Now, there's another way to find the machine epsilon what you can do is you can find machine epsilon by this definition as well it's two to the power minus the number of bits used for mantissa. So, if you know the number of bits which is in the mantissa, you don't have to go through this whole procedure in order to find machine epsilon I went through the procedure because I wanted to show you hey what is the next number available after one so you can just directly calculate it but this thing since we have four bits for the mantissa for this particular architecture, which we talked about, you will get zero point zero six two five. So, that's how we calculate the machine epsilon so now you might say hey this is very good that we are able to find out the machine epsilon, so what? What is the purpose of machine epsilon and that's something which we'll do through an example in the next slide.
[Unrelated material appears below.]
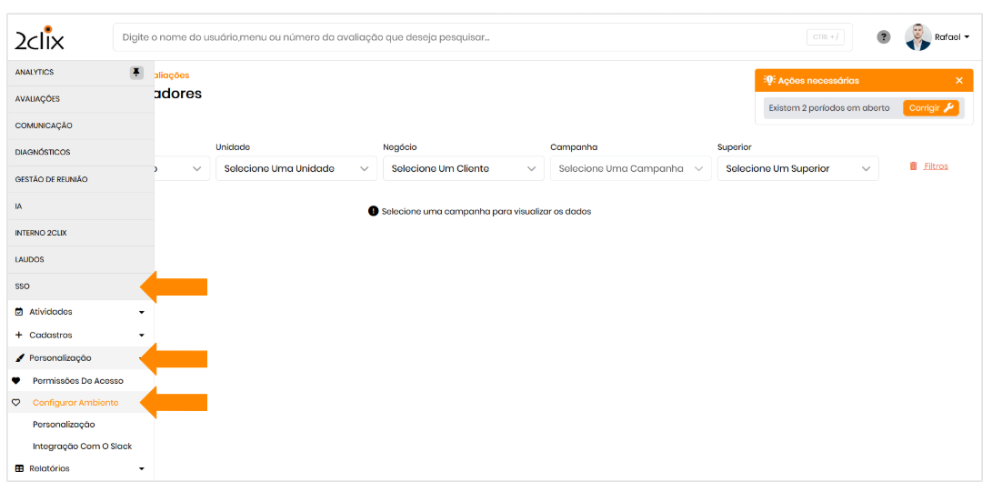 No menu lateral esquerdo, acesse: SSO > Personalização >Configurar Ambiente.

So, what is the significance of machine epsilon for a student especially you know introductory course in numerical methods, a person especially who's not at a computer science major, what we are trying to do is that whenever we are going to represent the number in floating-point number format it is not going to be exact. So, in most cases. So, let's suppose we have a number X and it gets represented as Y because it's not in represent exactly then what machine epsilon is basically telling us that the relative true error this is the relative true errors, guys, this is the absolute relative true error because what is this? This is the exact number minus the approximate number divided by the exact number as the definition of the relative true error absolute relative true error. And, you always find it to be less than machine epsilon so that's the duty of the understanding about the machine epsilon in business.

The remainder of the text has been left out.